The column of French cavalry that drove back the Brunswickers retired a little, then re-formed, and prepared to charge our regiment; but we took it more coolly than the Brunswickers did.

When the Duke of Wellington saw them approach, he ordered our left wing to fire to the right, and the right wing to fire to the left, by which we crossed the fire; and a man and horse affording such a large object for an aim, very few of them escaped. The horses were brought down and the riders, if not killed, were made prisoners.

Some of them had the audacity to draw their swords upon the men when in the act of taking them, but such temerity only served to accelerate their own destruction; for in the infuriated state of mind in which we were at the moment, those guilty of such conduct fared a worse fate than those who submitted without a murmur.

We were informed by the prisoners that Napoleon himself was in the field, so were also our old friends Soult and Ney; and that Ney was directly in our front, and had ordered a charge to be made upon us.

We were very happy on hearing this intelligence, as the thought that the two great generals of the time were to meet each other on the field of battle, stimulated us to do our utmost to maintain unsullied the hard-earned reputation which the British army had gained in many a bloody battle field.

As far as I am aware this was the first time that ever the Emperor had been personally engaged with us and we were anxious to know if the same good fortune which attended his former campaigns still awaited him, and whether he would be able to re-enact the splendid achievements of Lodi, Marengo, and Austerlitz, when brought into the arena against an army for the most part composed of veteran troops, and commanded by brave and experienced generals.

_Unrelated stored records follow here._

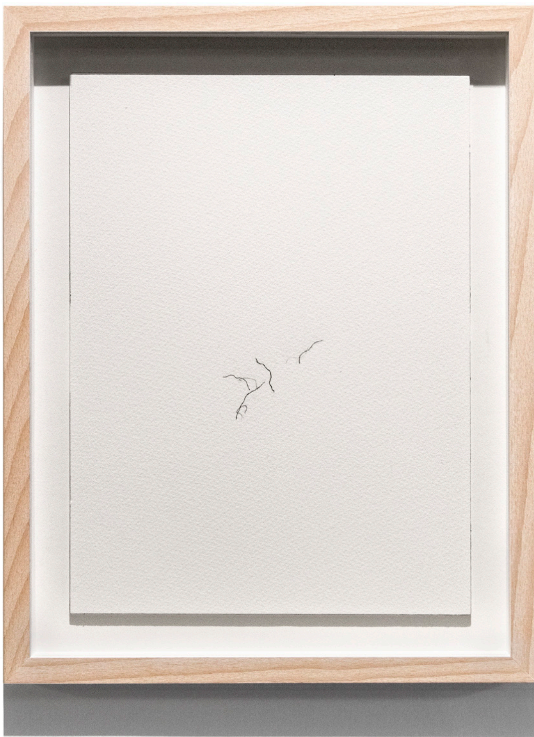
seven layers practice 1.5 《七層練習1.5》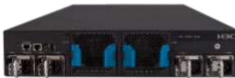
S6800-4C Rear View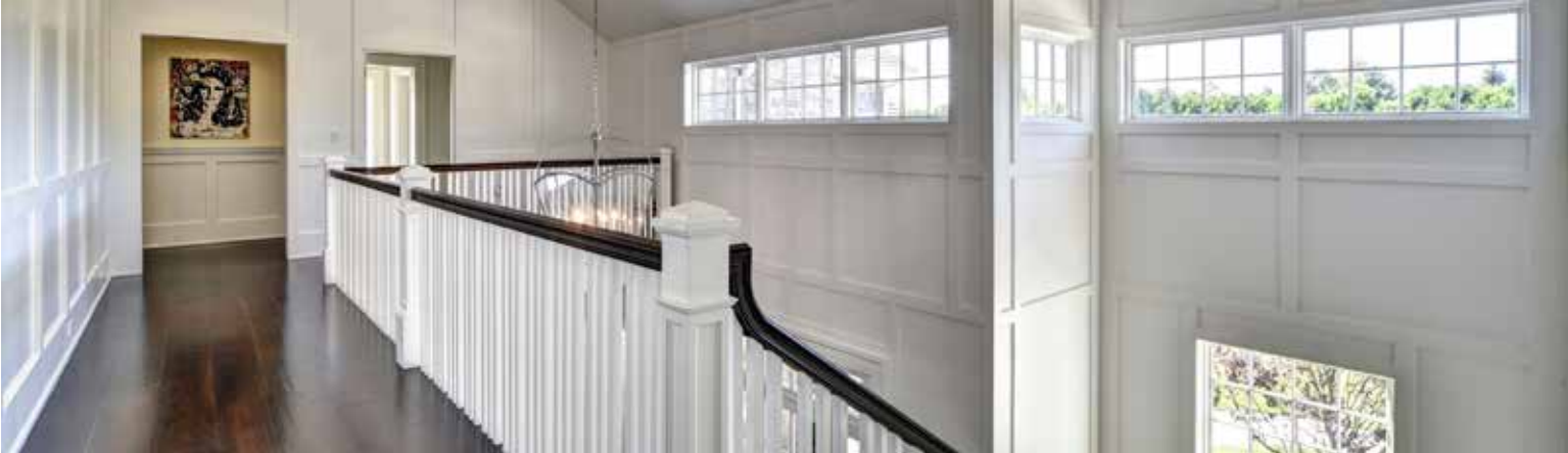
Second Floor Landing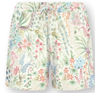
BOB Short Trousers Querida White 95% Viscose | 5% Elastane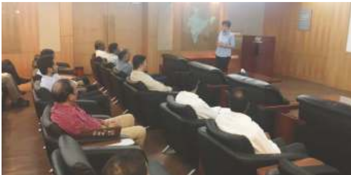
Interaction with Officials of Hyundai Motor India Ltd on manufacturing excellence

The objective of these missions was to provide opportunity to participants for learning and understanding the best manufacturing & quality practices in sync with our endeavour to promote learning through sharing.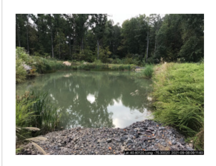
Far sed trap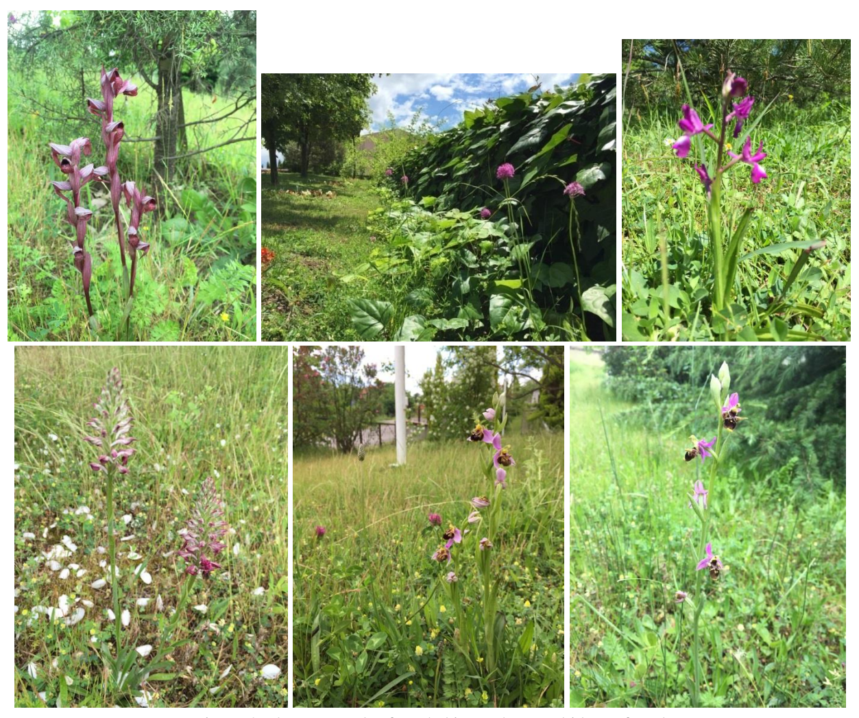
Figure 4. These examples from habitats where orchids are found.

Anacamptis pyramidalis (Pyramidal orchid) were found in the grassland close to campus wall borders and under climbers in particular the dense Hedera canariensis (Canary Island ivy), road edges, green borders, areas where lawns can not be mowed due to trees, shrubs, climbers and hedgerows in campus (Figure 4).

We wished to show him that we were made of sterner stuff than those whom he was wont to chase over the length and breadth of Europe.

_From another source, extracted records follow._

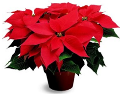
Nchang Azefor Covid-10 Victims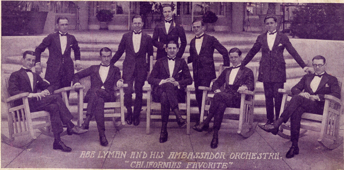
ABE LYMAN AND HIS AMBASSADOR ORCHESTRA. "CALIFORNIA'S FAVORITE"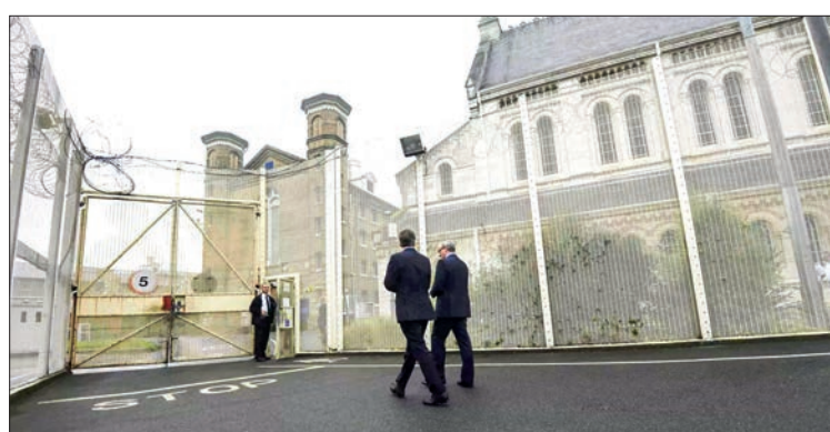
The United Kingdom is implementing a novel strategy to address re-offending and expand prison capacity. Inmates will now be involved in constructing new prisons. PHOTO: SPUTNIK

Forces this year," Sabahi-Fard said during an unannounced visit to an air defense base outside Tehran on Thursday (29/6/2023) for a quick readiness check. — SPUTNIK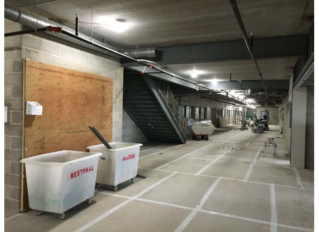
STEM addition- lower-level corridor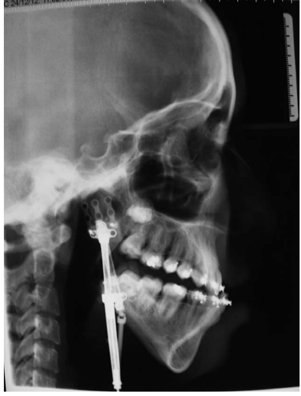
Fig. 8. Bilateral mandibular distraction osteogenesis and deferred Lefort I osteotomy, genioplasty, and rhinoplasty (patient 5). Lateral x-ray: at the end of bilateral MDO.

IIB CFMs require orthopedic treatment to stimulate mandibular growth and to prevent maxillary dentoalveolar compensations.<sup>1</sup> For mixed dentition, in type I and IIA cases, early vertical mandibular elongation might be needed. Cases IIB and III require

Immediately after the enemy's cavalry had been driven back and partially destroyed, a column of infantry was sent round to a wood on our right and another to push us in front.

At this time the 30th, 69th, and 73rd regiments joined us, upon which we left our ground to charge down the road, led by General Barnes and Colonel Cameron. Just as we had taken our stand, a volley was fired at the Duke of Wellington from behind a garden hedge.

As I was the first sergeant he observed on turning round, he ordered me to take a section and drive them out. I accordingly got a section and we went into the garden when, after a short contest, we succeeded in driving them out, after having killed a good many of them. By the time I got out of the garden and came to the road the regiment was closely engaged with the bayonet.

The lieutenant-colonel at this time was coming up as fast as he could ride having been shot through the groin. We immediately joined the regiment at the foot of the garden and advanced at full speed, the French having by this time given way.

In the impetuosity of our charge we had advanced too near the enemy's guns and were obliged to move off to the right to the skirts of the wood. We then advanced rapidly on the right and turned the left flank of the French.

We now made a determined attack to seize two of the enemy's guns, which gave us considerable annoyance, but were foiled in the attempt. At this time the Guards came up and the action began to be general.

We, however, still sustained considerable loss from the enemy's cannon, as we had none with which to oppose them; and as so few of our troops had come up, we could not form a sufficiently strong column in one place to enable us to take any of their artillery from them.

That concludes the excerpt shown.